-- RECORDS PROVIDED follows --

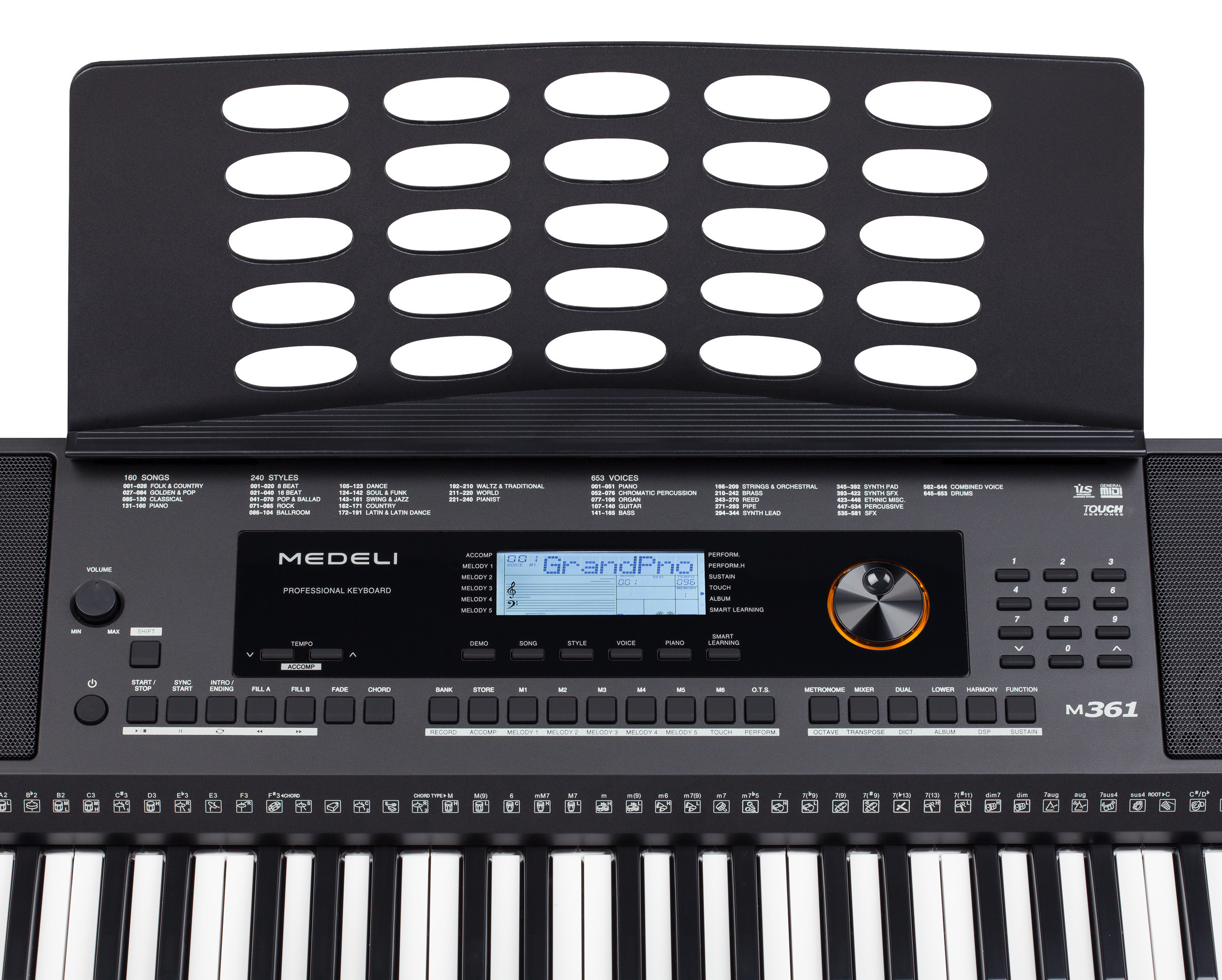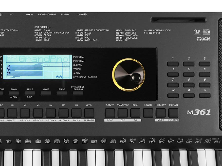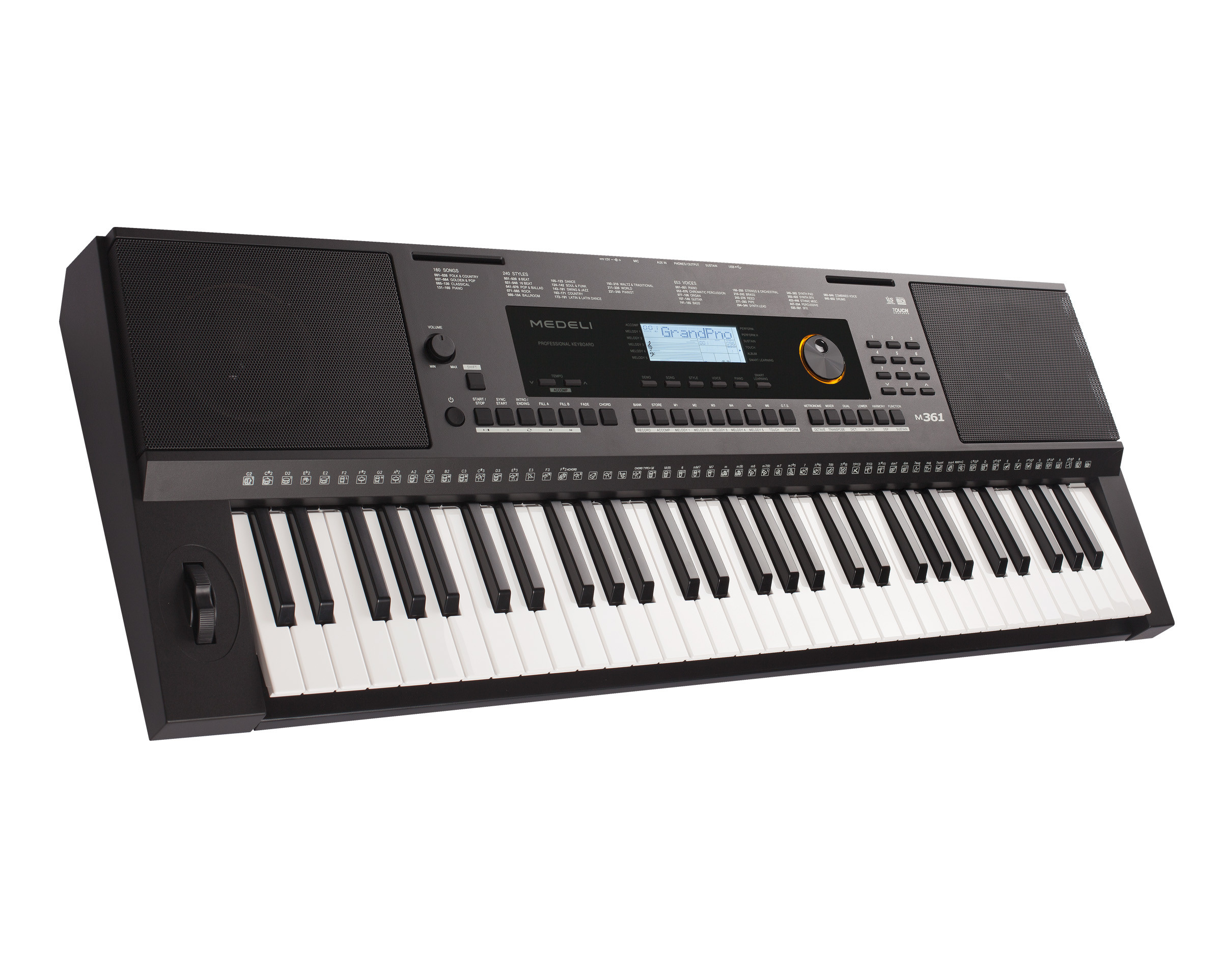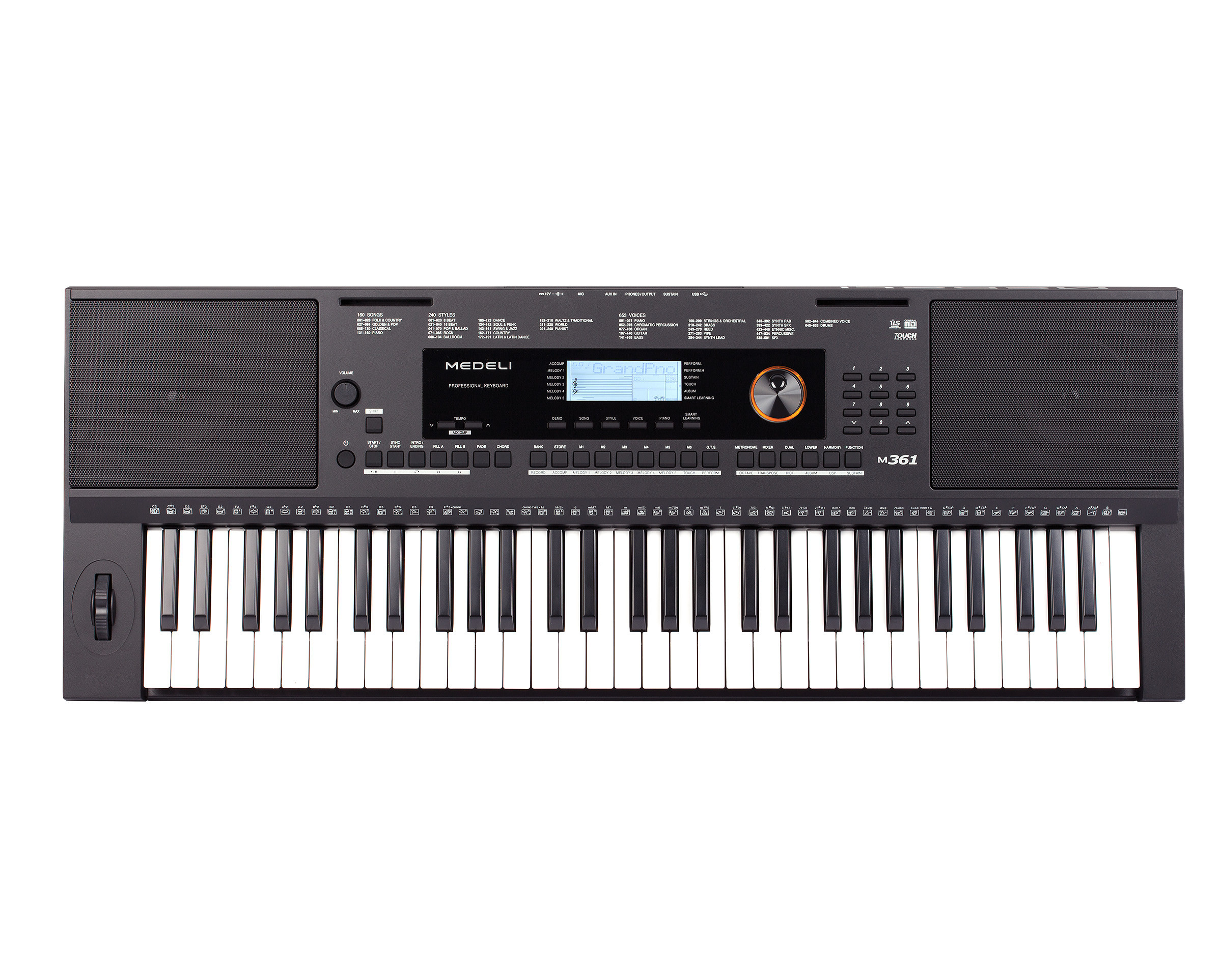 The Medeli M361 is a 61-key digital keyboard featuring 100 voices, 100 rhythms, and 50 demo songs. It includes a built-in metronome, recording function, and a 2-track sequencer. Connectivity options comprise USB MIDI, sustain pedal input, and headphone output. Ideal for beginners and practice sessions.
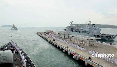 圖為中國人民解放軍海軍艦艇編隊陸續(xù)駛離碼頭。中新社發(fā) 孫自法 攝
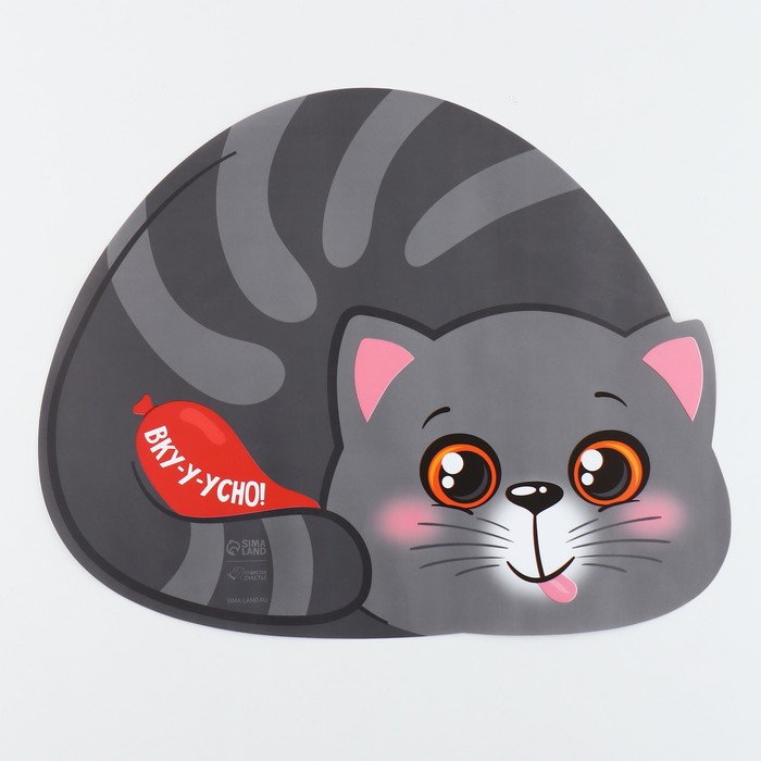 Набор коврик под миску "Вку-у-усно!" + 2 миски пластиковые серые
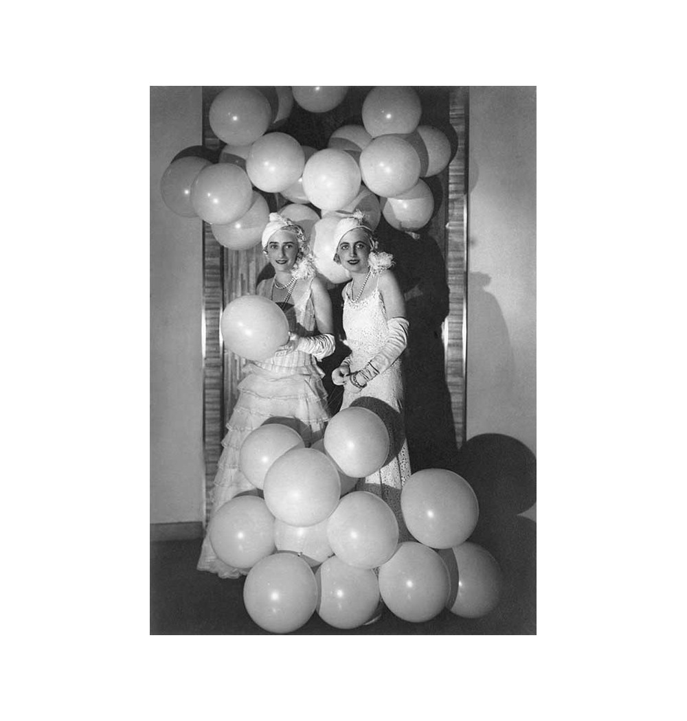 2 femmes avec ballons lors du Bal Blanc donné par la comtesse Pecci-Blunt
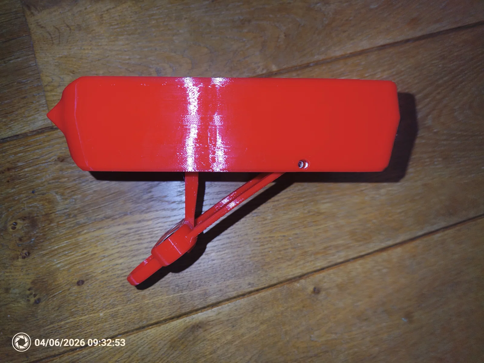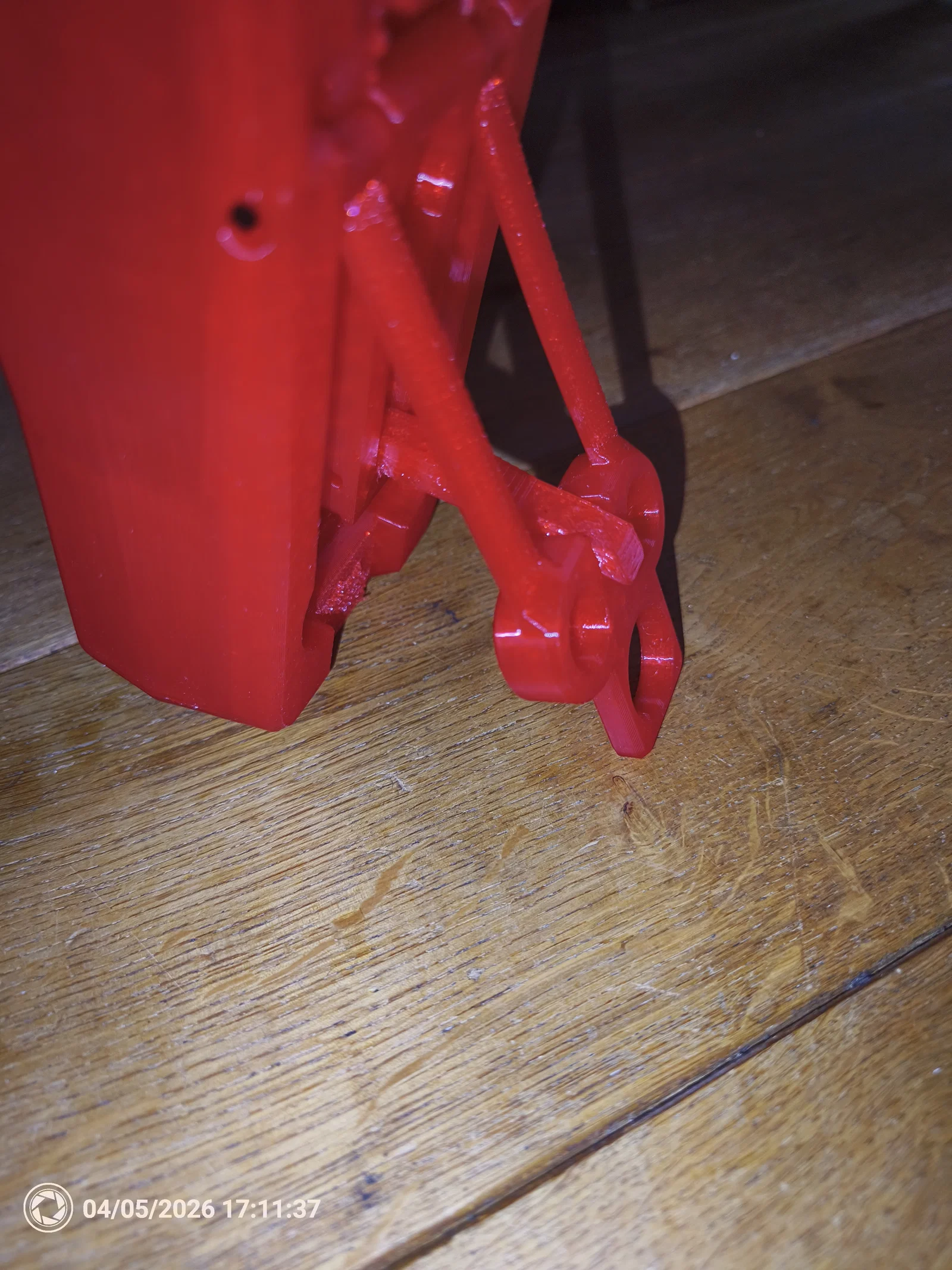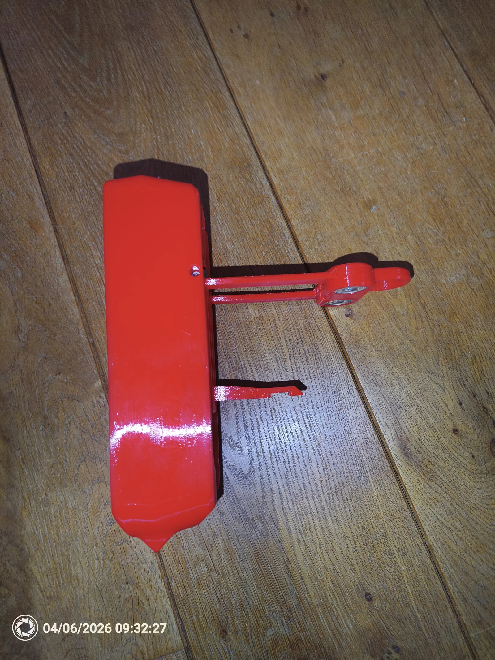 Version 3 (in màu đỏ trong suốt) rộng hơn ở đáy, có thêm một phần để dựng đứng dễ hơn (giữ phần treo có nam châm tạo góc 40 độ so với thân chính). Tiếc là model này thiếu vài thứ nên mình làm version 4 (in đỏ đặc/đục lại):

-- RECORDS PROVIDED concluded --

_WHAT THIS TASK INVOLVES_. Excluding pictures, print all lines above exactly.

_COMPLETED EXERCISE_.
 The Medeli M361 is a 61-key digital keyboard featuring 100 voices, 100 rhythms, and 50 demo songs. It includes a built-in metronome, recording function, and a 2-track sequencer. Connectivity options comprise USB MIDI, sustain pedal input, and headphone output. Ideal for beginners and practice sessions.
 圖為中國人民解放軍海軍艦艇編隊陸續(xù)駛離碼頭。中新社發(fā) 孫自法 攝
 Набор коврик под миску "Вку-у-усно!" + 2 миски пластиковые серые
 2 femmes avec ballons lors du Bal Blanc donné par la comtesse Pecci-Blunt
 Version 3 (in màu đỏ trong suốt) rộng hơn ở đáy, có thêm một phần để dựng đứng dễ hơn (giữ phần treo có nam châm tạo góc 40 độ so với thân chính). Tiếc là model này thiếu vài thứ nên mình làm version 4 (in đỏ đặc/đục lại):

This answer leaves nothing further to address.